Between-population variability in CSMD1 effects on neurocognitive phenotypes may reflect population-specific composition of genetic risk factors and/or population-specific LD patterns of associated markers with unknown functional variant(s) within CSMD1 or in adjacent genetic loci. But, nevertheless, growing amount of data on CSMD1 genetic association with various neuropsychological traits clearly indicates that structural variability at this part of the genome is likely a part of the common neurological mechanism, underlying various diseases and normal variability in neurocognitive traits. Genetic overlapping over these traits may be mediated by cognitive endophenotypes, such as variability in normal cognitive performance due to normal functional differences in brain structure and functions. This point finds support in several functional studies, demonstrating that that SZ risk variants show greater effects at the level of imaging based metrics of brain structure and function than at the level of behavior [21]. Particularly, CSMD1 rs10503253 “A” allele was associated with comparatively reduced cortical activation in the middle occipital gyrus and cuneus during performance of a spatial working memory task [22].
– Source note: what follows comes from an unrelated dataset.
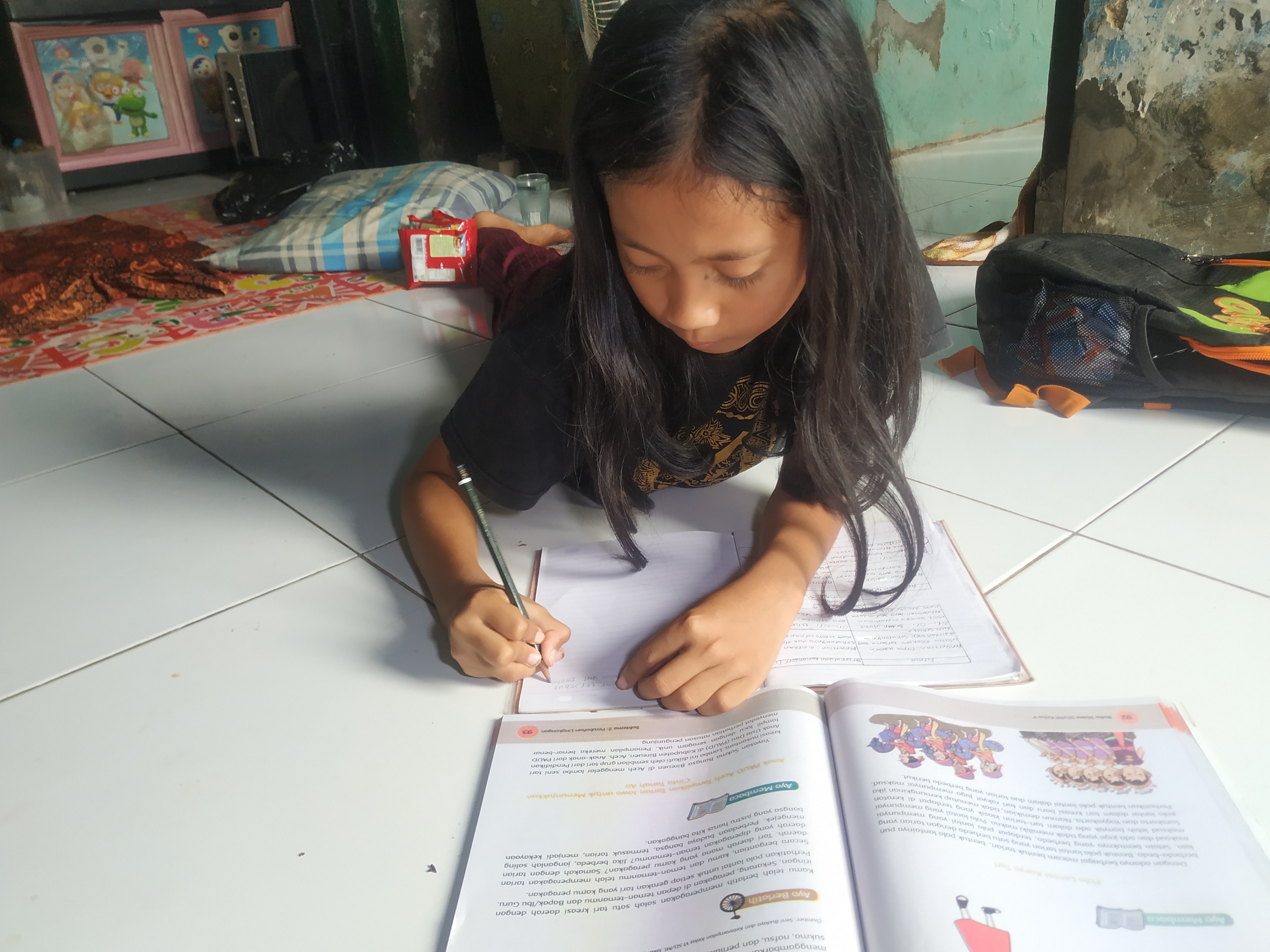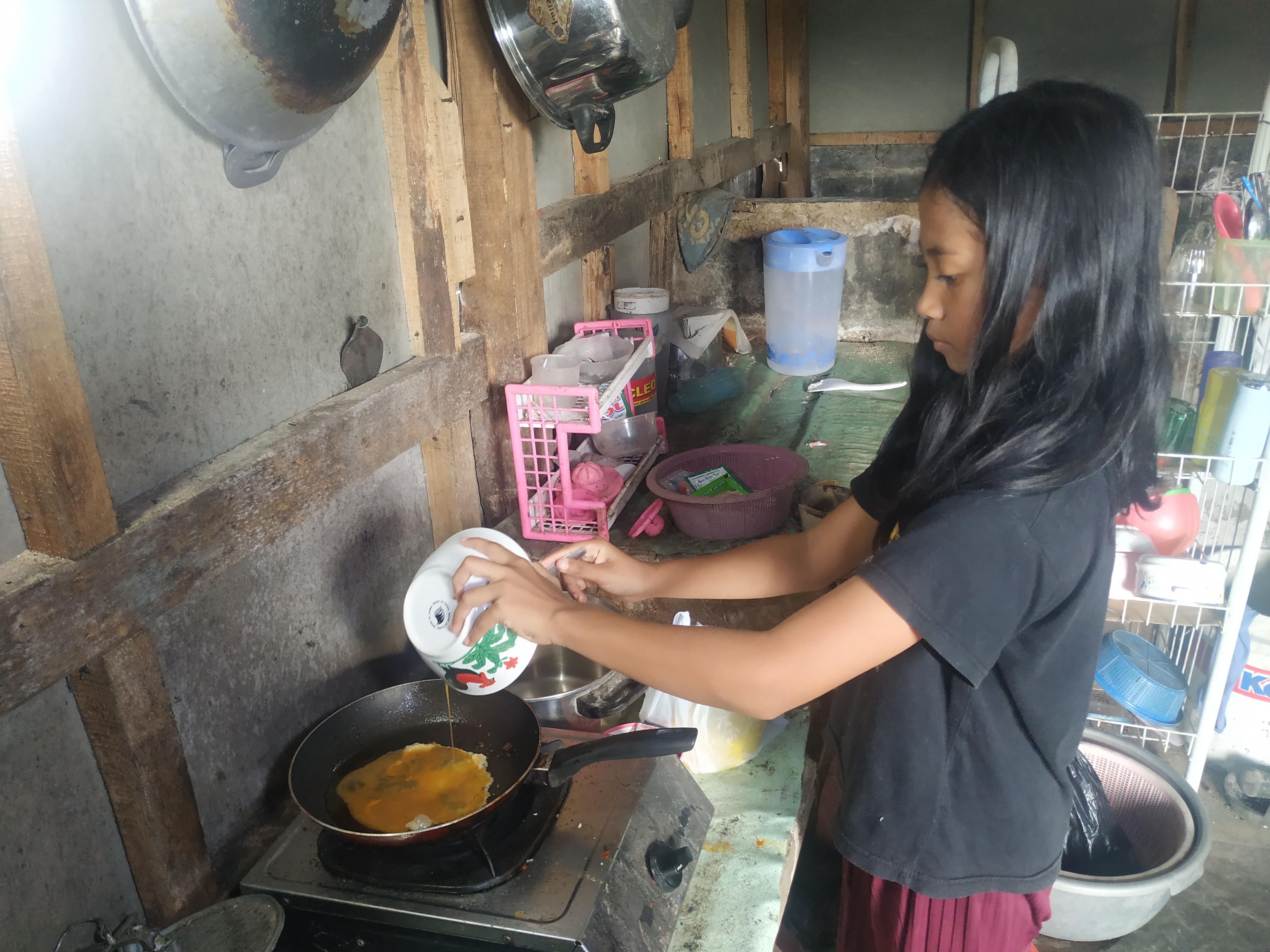 "Kalau buat bekel sekolah suka dikasih sama tetangga, ada dua ribu ada tiga ribu. Makan juga suka ada yang ngasih. Septi bisanya paling goreng telur, goreng tahu sama bikin mi instan" terang septi penuh kepolosan.

Along with population- and genetic background-related effects, age-related differences also may play a substantial role in the variability in genetic patterns of neurocognitive traits. Association of CSMD1 variants with Alzheimer’s disease probably suggests that some part of genetic susceptibility at this locus may appear in the older age, compared to SZ susceptibility variants, but may be expressed in earlier preclinical stages as markers of cognitive and memory performance. However currently we cannot delineate possible molecular mechanisms underlying the age-related difference in CSMD1 effects on neurocognitive functions. The cohort tested in the present study is, to the best of our knowledge, the oldest sample ever used for CSMD1 genetic associations with neurocognitive phenotypes. We observed the association with MoCA performance for the genetic variant previously found to be associated with cognitive functions in younger people [9], as well as with late-onset Alzheimer’s disease in our previous work [10]. Thus the findings reported in the current paper support the growing amount of evidence for significant role of CSMD1 in normal and pathological cognitive phenotypes.

5. Conclusions

Our study suggests that genetic variants in CSMD1 gene are likely a part of genetic component of cognitive performance in the elderly.

Conflicts of Interest

The authors declare no conflicts of interest.

Acknowledgments

This work was funded by the Russian Scientific Foundation (Project no. 16-15-00020).